Now, in the past couple of days, something has been brought to my attention that I'd like to go on a verbal tirade about discuss.
Here's a bit of a back story about what brought my thoughts to the topic at hand:
A few days ago, my great grandmother passed away.
The following day, a young man that played on the rugby team I coached for a few years ago passed away during a match. This young man was the younger brother of one of my players.

Upon hearing the news of my great grandmother's death, friends and family shared their condolences and love via telephone, cards, facebook messages and stopping in. While I appreciated these kind words, at the time, I didn't think much of the way in which they were delivered. 
"My condolences for the loss."
"I'm sorry to hear about your loss."
"My love and prayers are with your family at this time."
...and other such thoughts were expressed to us in the aforementioned ways.

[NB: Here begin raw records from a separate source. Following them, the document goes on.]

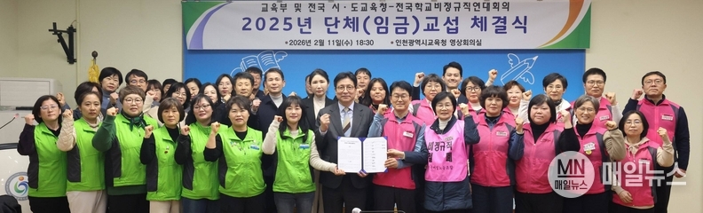 [매일뉴스] 인천광역시교육청은 2월 11일 교육부 및 전국 17개 시·도교육청, 전국학교비정규직연대회의(이하 ‘학비연대’)와 ‘2025년 단체(임금)교섭 협약’을 체결했다.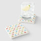 The coasters are gorgeous, a quality feel and heavy weight. They look like a precious archeological find. A rustic stone juxtaposed with a modern floral black and white print. I like the way the print goes slightly imperfect on the cut stone edges giving them a kind-of natural beauty.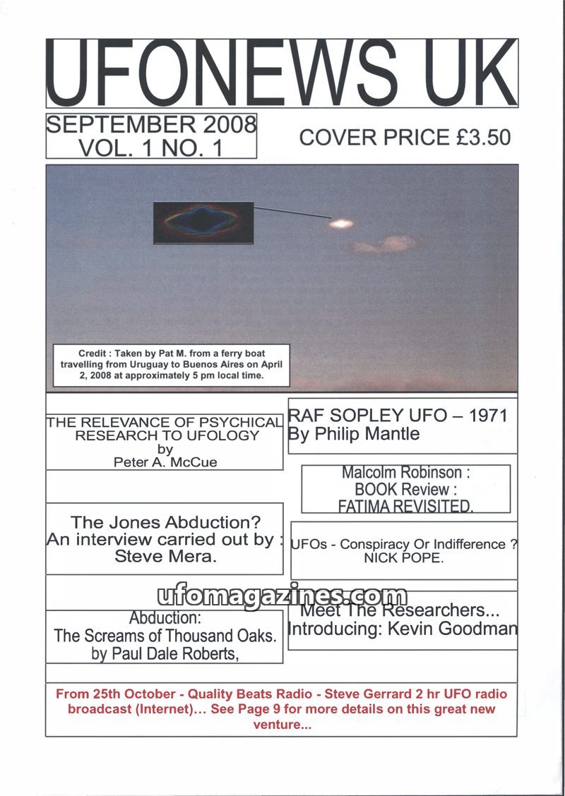This issue of UFONEWS UK, Volume 1 No. 1, dated September 2008, covers a range of UFO-related topics. Articles include an examination of the relevance of psychical research to ufol
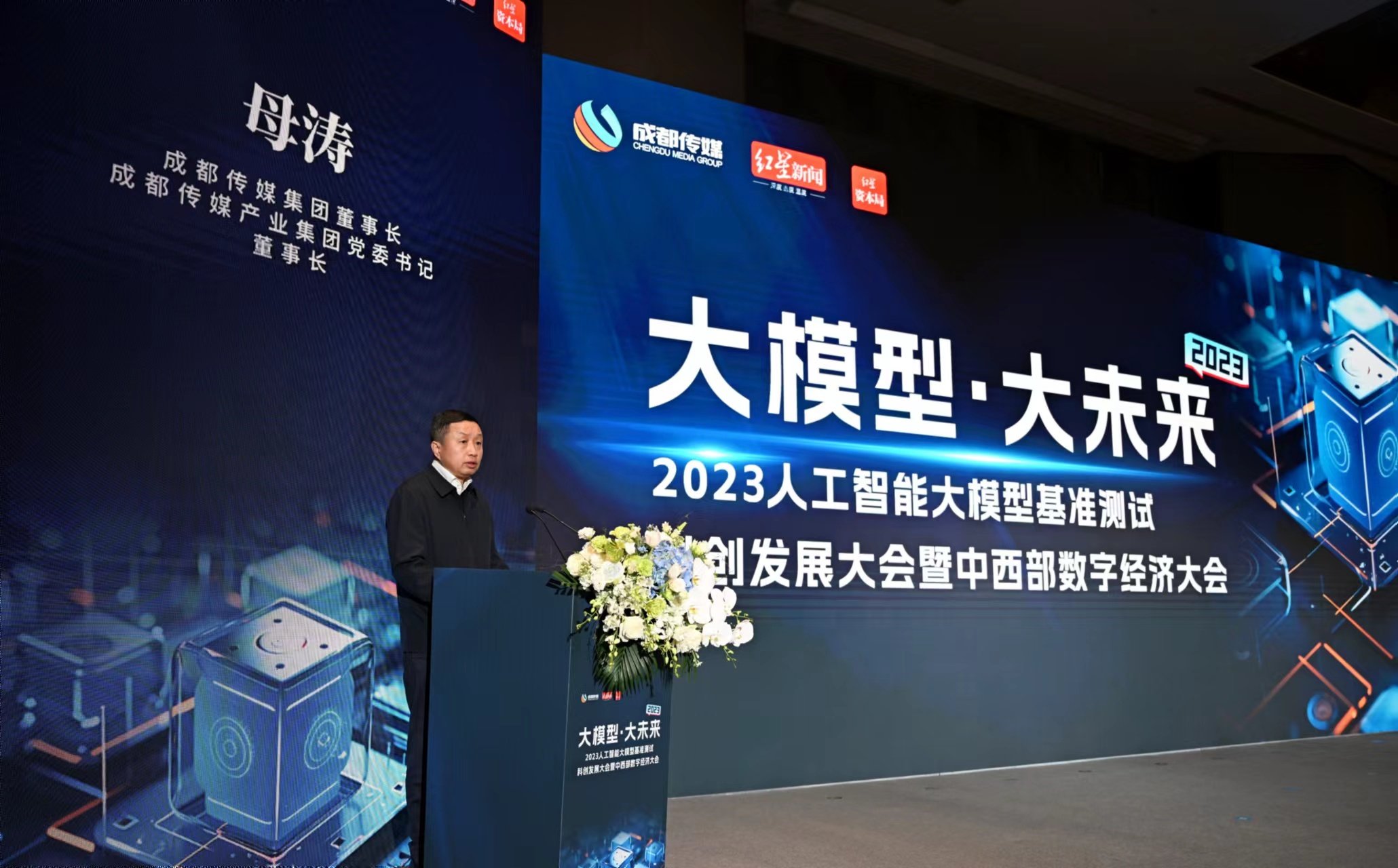 成都传媒集团董事长,成都传媒产业集团党委书记、董事长母涛在大会开幕致辞中表示,前沿技术需要转化为产品或应用,才能发挥其价值。希望此次大会能成为中国数字经济领域沟通交流的媒介、桥梁和纽带,成为国内大模型领域创新发展的策源地。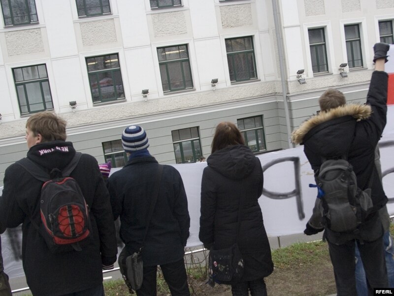 11:10 Моладзь, салідарная з Аляксандрам Баразенкам, пачала пікет каля будынка суду. Яны разгарнулі расьцяжку "Свабоду Баразенкі" і скандуюць "Уладу - народу, моладзі - свабоду!"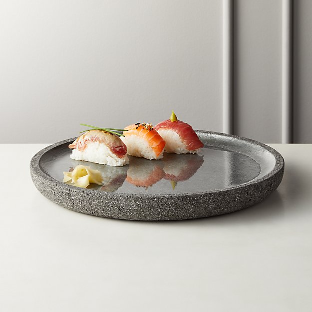 Gathered from the eruptions of volcanic mountains, thick round server makes for great conversation at table’s center. Stone is cut, shaped and polished before a clear resin and silver finish is applied. We especially love this as a sushi platter. Variation in color/activity/texture of stone to be expected. CB2 exclusive.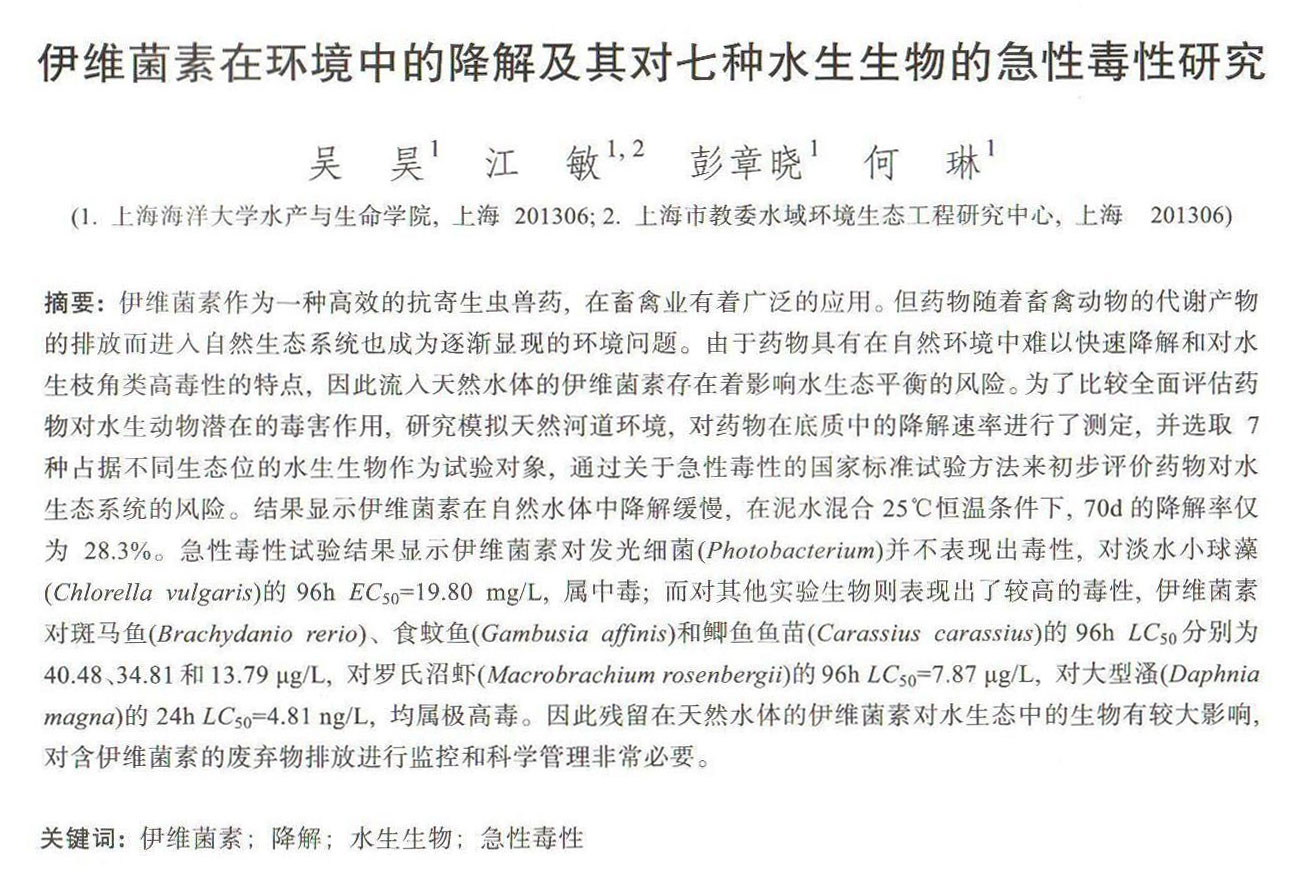 伊維菌素在環(huán)境中的降解及其地七種水生生物的急性毒性研究

After hearing about Matt's death, there was an email sent out to members of the Fort Collins rugby community explaining what had happened and expressing the sorrow that what felt in his passing. After reading the responses to this email and checking Matt's brother's facebook wall, I was absolutely in awe of the difference in the way people were expressing their condolences to Matt's family. When I say people, I mean those in my age group and younger. Messages were sent saying things along the lines of:
"OMG im so sorry!"
"That sucks, dude, seriously."
"im sooooooo sorry!"

Now, maybe I'm being nit picky, but I could not believe the casual manner of the latter expressions. If there was sincerity behind those words, I certainly couldn't feel it. 
Is eloquence an art lost to this and upcoming generations? Are social networking sites making it all too easy for us to lose any semblance of grammar, not to mention etiquette, structures?
Am I being pretentious? It's entirely possible. I have no qualms with a language shifting, changing, and progressing to fit a progressive society. Unfortunately, I believe that the language brought upon us by the ease of communication is a regression.  Words are a powerful tool to be used in expressing thoughts, ideas, concepts and feelings. When used well, we can adequately express most of the aforementioned with honesty and sincerity.
This has gotten verbose.
What I'm trying to say, really, is that while "my condolences" may seem cliche and overused, it sure beats the hell out of  "OMG dude, that totes sucks! im srsly soooooo sorry."


1 comment:

  1. AMEN, LAURA. I absolutely love these thoughts, and couldn't agree with them more. There is a certain level of respect, decorum, and formality that one must take when expressing empathy. Text-speak does not, can not, and will never convey this, even if the intentions are sincere.

    On that note, I hope you're doing okay after your great-grandma's passing. I know she is.